The AI agent ecosystem has a vocabulary collision. "Tool" means one thing in LangChain, another in AutoGPT, and something else entirely in Claude's function-calling docs. "Skill" and "agent" are similarly overloaded—an "agent" might be a simple prompt wrapper or a fully autonomous system that books flights and deploys code. "MCP" arrived in late 2024 and added yet another term to the mix.

This matters architecturally. When layers are conflated, testing becomes harder, reuse drops, and swapping a model means rewriting half the system. A function that orchestrates 15 steps gets called a "tool." A prompt that strings together API calls gets called an "agent." The result is codebases where nothing is composable.

A 4-layer mental model resolves most of the confusion—similar to how the OSI model gave networking a shared vocabulary, or how MVC clarified web application structure. It's not a rigid specification, but a framework for making architectural discussions more productive.

The 4-Layer Stack

From bottom to top:

Layer 1: Tools — The Atoms

A tool is a single, stateless function that performs one atomic operation. It clicks a button, reads a file, calls an API, or captures a screenshot. Tools have no memory, no planning capability, and no awareness of why they're being called.

Key properties:

• Deterministic (or close to it)
• Testable in isolation
• Composable — designed to be called by higher layers
• Environment-specific — a click() on macOS differs in implementation from click() on Android, even if the interface is identical

Examples:

• screenshot() — captures the current screen
• click(x, y) — clicks at coordinates
• read_file(path) — returns file contents
• http_get(url) — fetches a URL

Tools are the smallest composable unit. They accept input, perform one action, and return a result. No side quests. The web analogy: individual HTTP endpoints. A GET /users/:id doesn't know about business logic—it fetches a row from a database and returns it.

Layer 2: MCP (Model Context Protocol) — The Connectors

MCP is a standardized transport layer for tool discovery and invocation across process boundaries. Think of it as GraphQL or gRPC for AI systems—it defines how tools are discovered, described, and called, not what they do.

Before MCP, every agent framework had its own tool integration spec.
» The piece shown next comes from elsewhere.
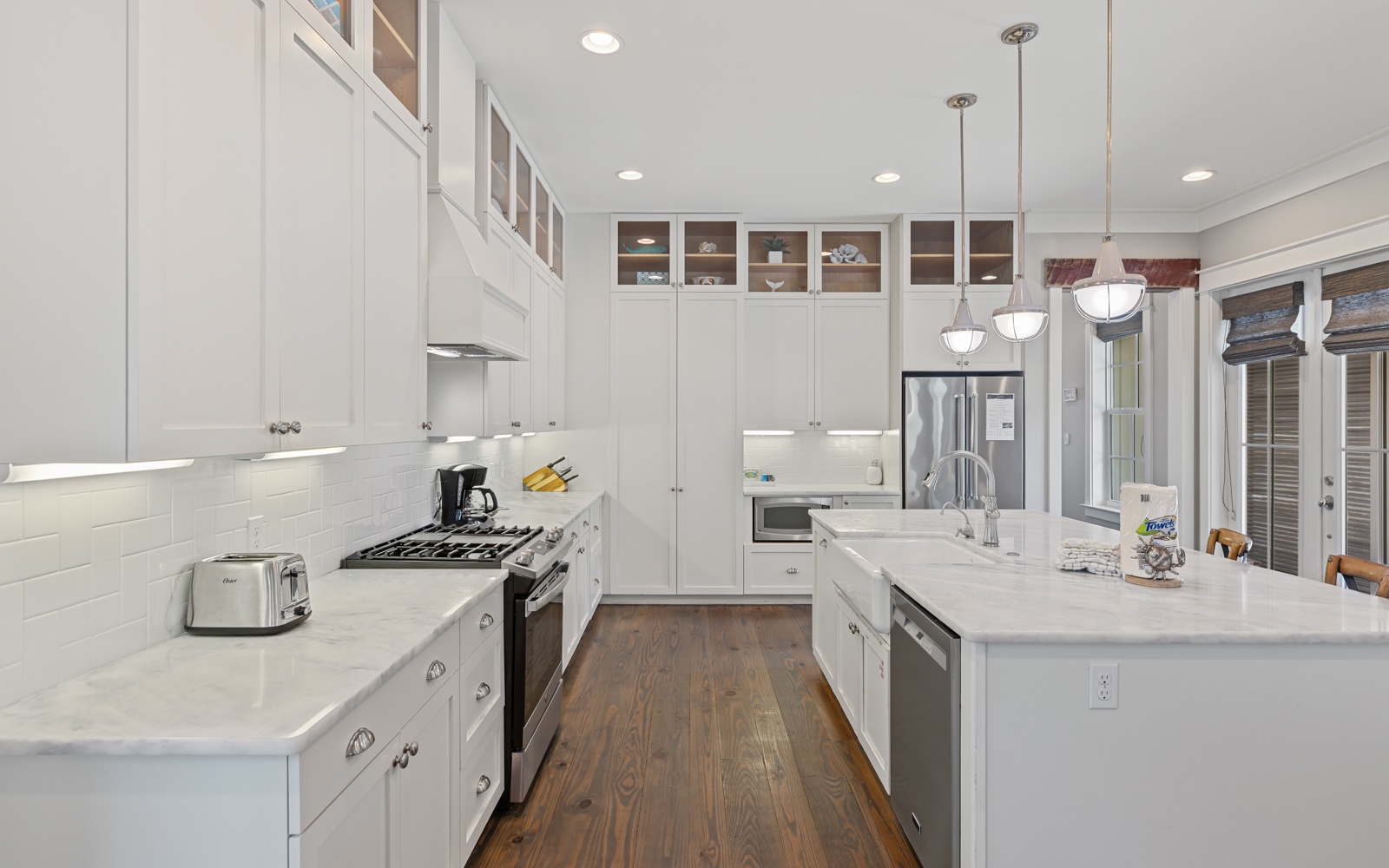 The open gourmet kitchen is a dream for cooking and entertaining.

Building a tool for LangChain meant rebuilding it for AutoGPT. Building it for CrewAI meant doing it again. MCP standardizes three things:

• Discovery: "What tools are available on this server?"
• Schema: "What parameters does this tool accept? What does it return?"
• Transport: stdio, HTTP, or WebSocket—the calling code picks the transport

MCP is about interoperability, not intelligence. An MCP server exposes tools; it never decides when to use them. The calling agent makes all decisions. An MCP server is a waiter that presents the menu and takes orders—it doesn't choose the meal.

When MCP adds value: Tools living in different processes or machines. Multiple agents or frameworks sharing the same tool set. Tool authors who want to write once and have it work across LangChain, Claude, OpenAI Assistants, and others.

When MCP adds overhead without benefit: Everything runs in-process and only one agent consumes the tools. In that case, direct function calls are simpler.

Layer 3: Skills — The Playbooks

A skill is a reusable, multi-step procedure that combines tools to accomplish a meaningful task. The web analogy: a service-layer module. A PlaceOrderUseCase orchestrates inventory checks, payment processing, and notifications—it's not a single endpoint but a choreography of endpoints.

"Fill out a web form" is a skill: it involves locating fields, typing values, handling dropdowns, scrolling, and clicking submit. Each step invokes tools, but the sequence, branching logic, and error recovery are the skill's contribution.

Examples:

• "Navigate to Settings > Privacy > Clear Cache" (UI navigation)
• "Search for a flight, compare prices, select the cheapest" (multi-step research)
• "Read an Excel file, extract key metrics, generate a summary" (data analysis)
• "Log into a service, check account status, export a report" (multi-app workflow)

Skills are portable when the underlying tool layer provides the required primitives. A "fill web form" skill works on any OS as long as click, type, and screenshot tools are available underneath.

The skill is the natural unit of reuse. A 3-line function and a 300-line multi-step workflow serve fundamentally different purposes; separating them clarifies what's testable in isolation (tools) versus what requires integration testing (skills). Skills can also be shared across agents—one agent might use a "file analysis" skill in a data pipeline context, another in a customer support context.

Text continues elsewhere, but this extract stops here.